Dolchik's face hardened instantly. His jowls fluttered to rigid attention as his teeth snapped together. For a moment he silently appraised Corelli before speaking. "Is it possible, Frank, that your job is getting the best of you? Maybe you're working too hard?" He got up and ambled to the open office door and shut it.

"I'm not working hard enough. Not when people are getting hurt in the subway because someone wants to pretend these things aren't happening."

"Am I really supposed to know what you're talking about?"

"You tell me, Captain."

"No, Detective Corelli, you tell me!"

"I'm talking about the fact that eight days ago a woman named Penny Comstock walked into the Fifty-third Street IND and vanished; I'm talking about a little girl named Lisa Hill who was snatched from a subway platform on Labor Day; I'm talking about the death of Ted Slade, one "of the Dogs of Hell, whose body was carved up like last year's Thanksgiving turkey; and I'm talking about Lester Baker, and God knows how many others." Corelli's anger propelled him through the list of names with machine-gun rapidity.

"Baker? Who's Lester Baker?" Dolchik's question was almost inaudible.

"The latest victim. He's 'El Bee,' the subway graffiti king. He's at Columbia Presbyterian in shock."

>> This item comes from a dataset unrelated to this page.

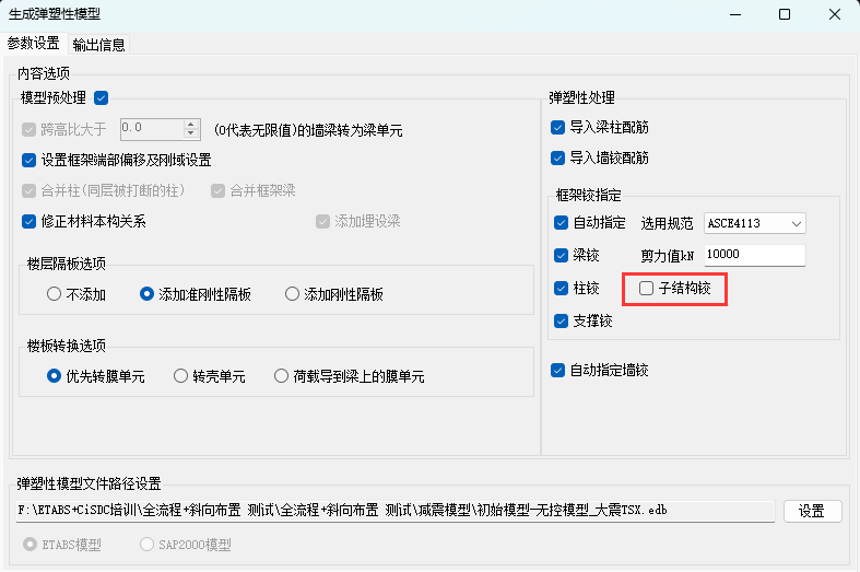 - 選擇彈塑性預(yù)處理模型時合并框架梁選項(xiàng)不能修改;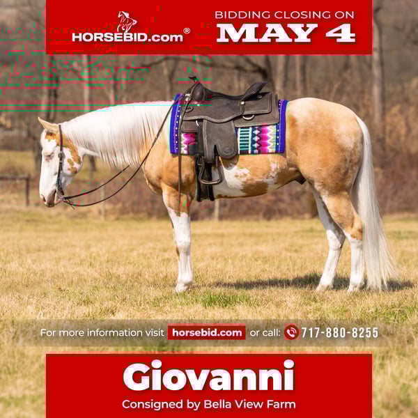 ▪️▫️◾️𝐭𝐡𝐞 𝑴𝒂𝒚 𝐒𝐞𝐥𝐞𝐜𝐭◾️▫️▪️ Happening now thru MONDAY | MAY 4th - Available EXCLUSIVELY on HorseBid's website! For more details and to register visit: www.Horsebid.com CONSIGNOR CONTACT: Bella View Farm 717-880-8255 LOCATION: Grantville, PA BREED: APHA REGISTERED: Yes REGISTERED NAME: COMPANYS PROPHET COLOR: Palomino HEIGHT: 15.2 AGE: 4 GENDER: Gelding ✨ Giovanni A Once‑in‑a‑Lifetime Horse ✨ Giovanni is the kind of horse people search for years to find!! He is honest, athletic, kind, dependable & let’s face it his looks are something straight off a Magazine cover!! 😍 This gorgeous 4 year old APHA gelding has not only looks that are 1 in a million but Giovanni has the personality & temperment to match!! Super quiet, sensible, very easy to get along with and VERY dependable. Sticks 15.2h which makes him the perfect size for both English & western!! In fall and winter he is a bit lighter in color and more sun kissed gold colored.. in the summer his deep, rich palomino color is nothing short of drool worthy!! Giovanni was a true owner horse prior to coming to me, so from baby till now there are no missing pieces or surprises we know everything about this perfect golden boy!! (I have baby pictures of him also!!) More whoa than go naturally but very adjustable to his riders desired speed. He’s got all the gears.. walk, jog, trot, extended trot and a smooth canter. His jog and trot are super smooth & very easy to sit. Soft in the bridle and happy to carry whatever headset and frame his rider chooses!! This horse has more amazing qualities than what I could ever list but one of my favorites is how versatile he is he can go around with a very low headset, and is also happy to change it up the next day and do some English or hit the trails!! This boy will excel in any discipline of your choice. Very youth and amateur friendly, you don’t need to be a pro to enjoy Giovanni. He’s very uncomplicated to ride and always aims to please. Giovanni is athletic enough to excel in the show pen but safe enough to put your husband or kids on and not have to worry!! I’ve had riders as young as 8yr old on him. Not only is he a nice arena horse but he loves hitting the trails as well!! Brave on the trail and sure footed. Loads and ships like a pro with or without company!! Settles in great to new places. He’s been hauled to shows, clinics, & trail rides. Will tie to anything.. trailer, tree, fence post anything you want!! Been exposed to cattle, all types of livestock and farm machinery including tractors and cranes!! Great in turnout with company but also does good in private turnout. Always the first horse to meet me at the gate!! Stalls great and is super clean in his stall.. only poops in one spot in his stall and same for his paddock, one of the cleanest horses I’ve ever had!! I Recently started him over a few small jumps and not only does he look great doing it but he LOVES it. (Not pushed due to his age). I can’t say enough great things about him!! He has been an absolute pleasure to have at my farm & is truly the type of horse dreams are made of!! 🦄 Test rides welcome. Whether you have to drive in or fly in to see him Giovanni it will be well worth the travel and he will not disappoint!!💙 🦄 Whether you’re looking for your next show horse or trail riding partner Giovanni is truly a once in a lifetime horse and will put a smile on your face everytime you see him!! 🦄 PPE’s are always welcome at buyers expense!! We are Happy to help arrange shipping if needed. LOTS more pictures & probably hours upon hours worth of addional videos upon request. No vices whatsoever & 100% sound!! UTD in Coggins, vaccines, & deworming. Call or text Heidi Albright (717)880-8255 for more info.

Dolchik's face paled. "I didn't know."

"Baker was attacked last night by a guard dog in a yard while he was spraying some of the cars. The reporting officer said the dog was already crazed before he encountered Baker. Something had gotten under its skin and it attacked without the handler's command. What do you make of that?"

Dolchik shook his head. He stared at Corelli for a moment, and when he spoke, he'd regained his composure. "What's the connection between this and the other names...whoever they were?"

"That's exactly what I'm trying to find out; that's my investigation. And I don't intend to let you or anyone else fuck me up," Corelli answered hotly.

"That sounds like an ultimatum, Frank. I don't like that." He searched for a fresh cigar, but couldn't find one. "You're really pushing me, you know that? You've already stepped on the wrong "toes by questioning Geary . . ." he began to say, but thought better of it. "Why the hell should I let you go off on this wild-goose chase while the other men get the shit jobs? You wanna explain that one tome?"

Corelli got up slowly, digesting the fact that Dolchik already knew he'd visited New York Mercy Hospital and had talked to the pathologist. But as he walked directly to the file cabinet to Dolchik's left he didn't betray his surprise that his movements had been charted already; he had other things to do right now. With one swift movement he stooped down and tried to open the bottom drawer that contained the missing-persons file. The drawer was locked.

"Looking for something special?" Dolchik's voice was thick with sarcasm.

"The file you've kept on the very same disappearances I've been talking about, Captain."

"I don't know what you're getting at," Dolchik lied.

"I made a copy of it," Corelli revealed. It was important now--now that Geary's name had come up--that Dolchik believe he knew everything there was to know about the missing persons. "So don't try to bullshit me."

Dolchik made an aborted lunge across the desk, but Corelli avoided him.